EXERCISE GOAL
For this exercise, write out only the lines of the entries below from the one with "2) Gültig auf" up to and including the one with "4. The cage", exactly as they are. Pictures stay out.
[DATA Boundary: Start]
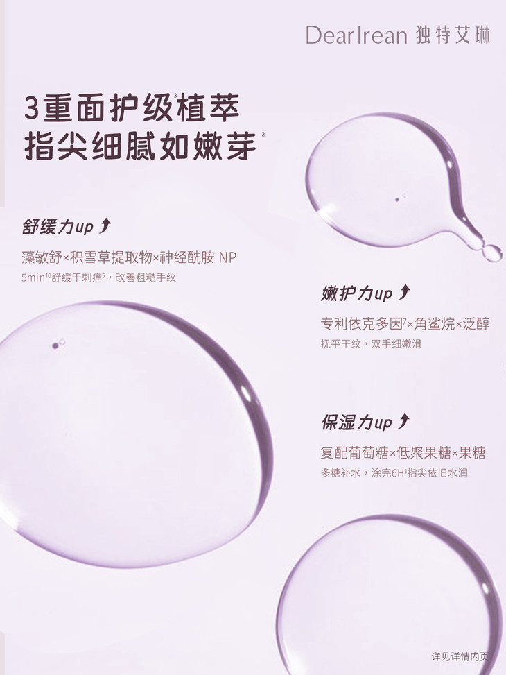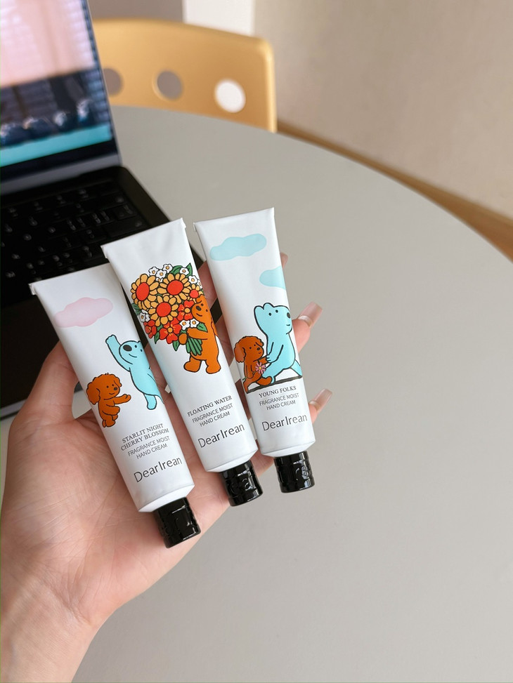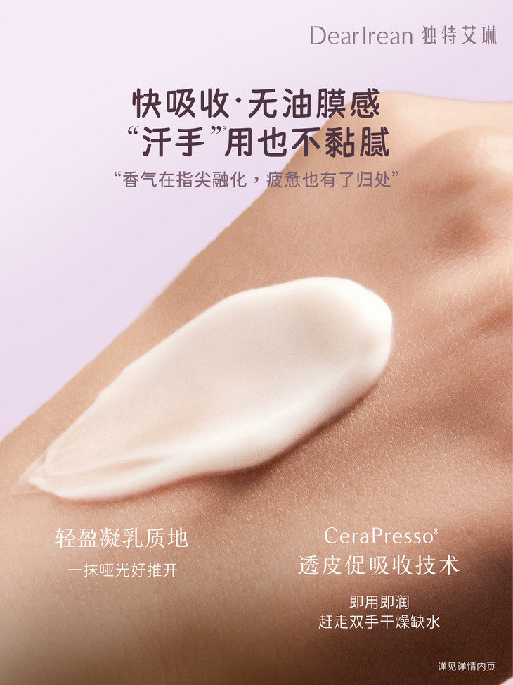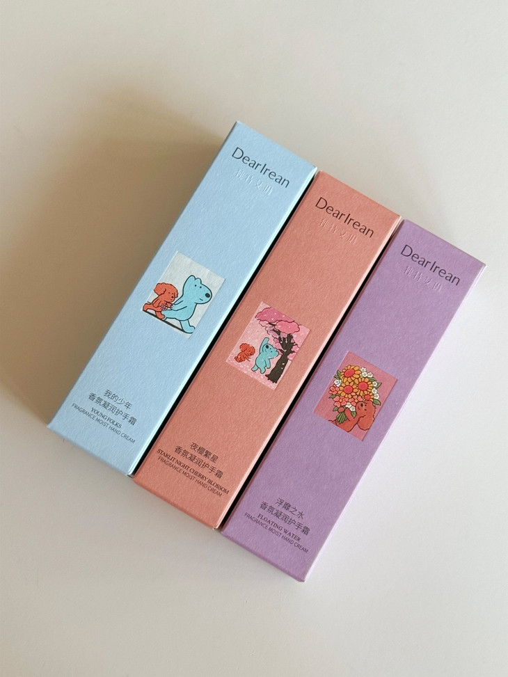 【手部香氛体验礼盒】 礼盒清单: 浮靡之水护手霜10ml*2 夜樱繁星护手霜10ml*2 我的少年护手霜10ml*2 联名周边贴纸*1 质地:水润奶霜质地、流动性强、轻盈不粘腻、易吸收 滋润度:通用款,适合任何肌肤(干皮保湿,油皮清爽) 使用方法:取适量本品均匀涂抹于洁净双手,轻轻按摩揉搓至吸收即可。 适用人群:手部干燥粗糙、皮肤黑黄、老茧干纹、倒刺脱皮、甲床受损等有手部肌肤问题或者对手部肌肤有高要求的精致人群
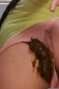 an asian chick laying on the bed while holding her gash
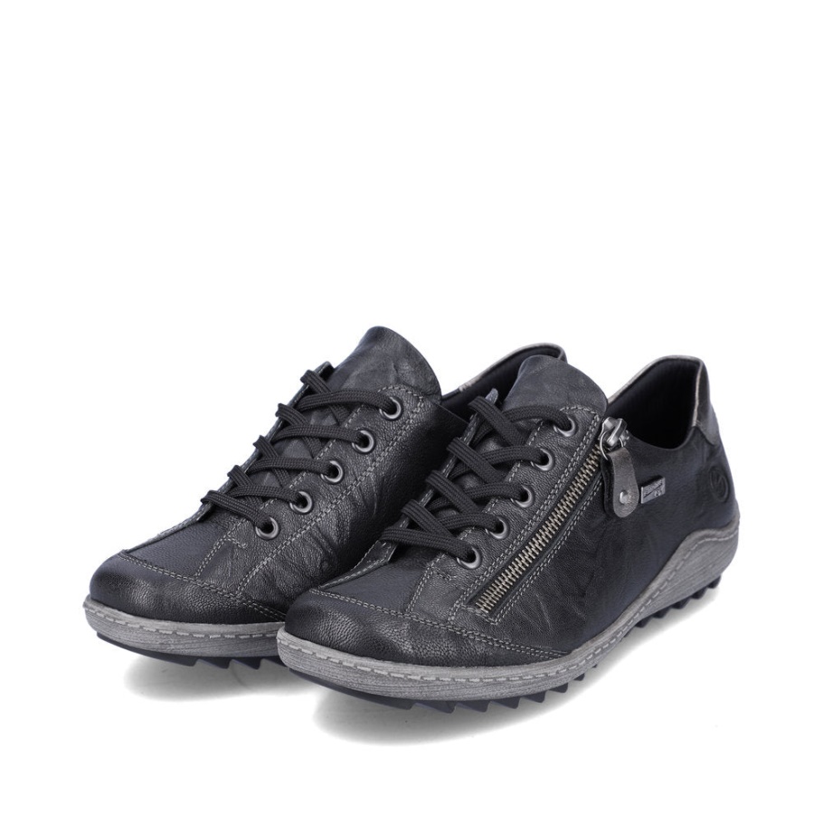 Hier Ist Ein Entzückender, Wasserabweisender Ledersneaker, Der Ihren Stil Ergänzt Und Gleichzeitig Das Beste Aus Moderner Mode-Komfort-Technologie Bietet. Mit Seiner Verstellbaren Schnürung, Dem Seitlichen Reißverschluss Zum Einfachen An- Und Ausziehen, Der Memosoft-Dämpfung Und Der Gummierten Außensohle Gehen Sie Mit Gepolstertem Vertrauen. Die Ganze Saison Lang. Material: Leder.
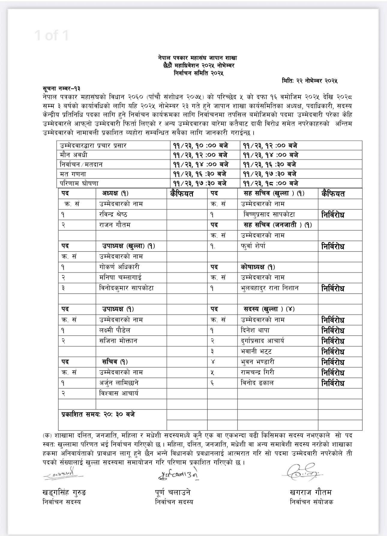 धादिङ । नेपाल पत्रकार महासंघ जापान शाखाको नयाँ नेतृत्व चयनका लागि निर्वाचन आज हुँदै छ। तर मतदान अघि नै धादिङका दुई पत्रकार कार्य समिति सदस्यमा निर्विरोध भएका छन्।
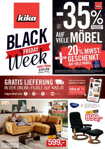 2) Gültig auf viele Möbel von der unverbindlichen Hersteller-Preisempfehlung. Ausgenommen in Inseraten und Prospekten beworbene Artikel, Warengutscheine, Serviceleistungen, in den Einrichtungshäusern gekennzeichnete Unglaublich Preise und Trends by kika Produkte, Küchenblöcke, Stressless, Team 7, Anrei, Stokke, Austroflex, Grüne Linie, Black Label, Tempur, Tom Tailor, Henders & Hazel, Leonardo, Musterring, Sedda Katalogbestellungen, Elektrogeräte und Zubehör, Set One by Musterring, Schösswender Katalogbestellungen, Badewannen, Duschen, Schöner Wohnen, Flexa. Gilt nur für Neuaufträge und ist nicht mit anderen Aktionen kumulierbar. Auch im Onlineshop erhältlich. Gültig von 23. bis 29.11.2021. Weitere Informationen auf www.kika.at.
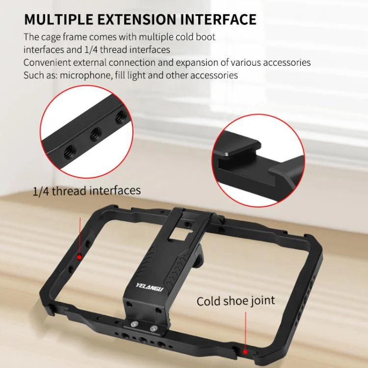 4. The cage frame comes with multiple cold shoes and 1/4 threaded interfaces, which are convenient for external connection and expansion of various accessories, such as microphones, fill lights and other accessories, making the expansion more abundant.
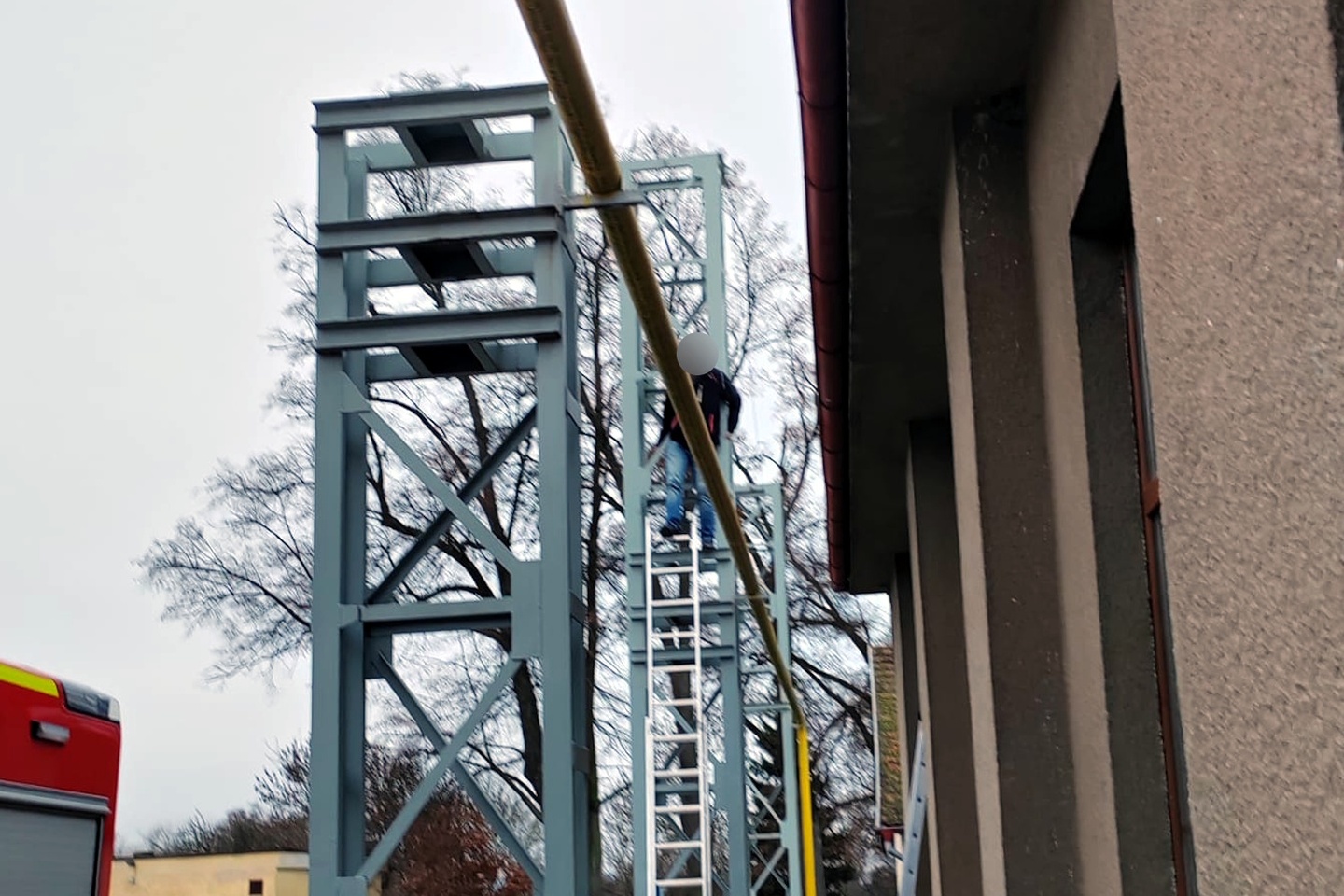 Dnes po osmé hodině ráno vyjížděli policisté a hasiči do Psychiatrické nemocnice v Dobřanech, kde jeden z pacientů vylezl na několik metrů vysokou kovovou konstrukci, nechtěl slézt a hrozilo tak nebezpečí jeho pádu.
[DATA Boundary: End]
REPLY
 2) Gültig auf viele Möbel von der unverbindlichen Hersteller-Preisempfehlung. Ausgenommen in Inseraten und Prospekten beworbene Artikel, Warengutscheine, Serviceleistungen, in den Einrichtungshäusern gekennzeichnete Unglaublich Preise und Trends by kika Produkte, Küchenblöcke, Stressless, Team 7, Anrei, Stokke, Austroflex, Grüne Linie, Black Label, Tempur, Tom Tailor, Henders & Hazel, Leonardo, Musterring, Sedda Katalogbestellungen, Elektrogeräte und Zubehör, Set One by Musterring, Schösswender Katalogbestellungen, Badewannen, Duschen, Schöner Wohnen, Flexa. Gilt nur für Neuaufträge und ist nicht mit anderen Aktionen kumulierbar. Auch im Onlineshop erhältlich. Gültig von 23. bis 29.11.2021. Weitere Informationen auf www.kika.at.
 4. The cage frame comes with multiple cold shoes and 1/4 threaded interfaces, which are convenient for external connection and expansion of various accessories, such as microphones, fill lights and other accessories, making the expansion more abundant.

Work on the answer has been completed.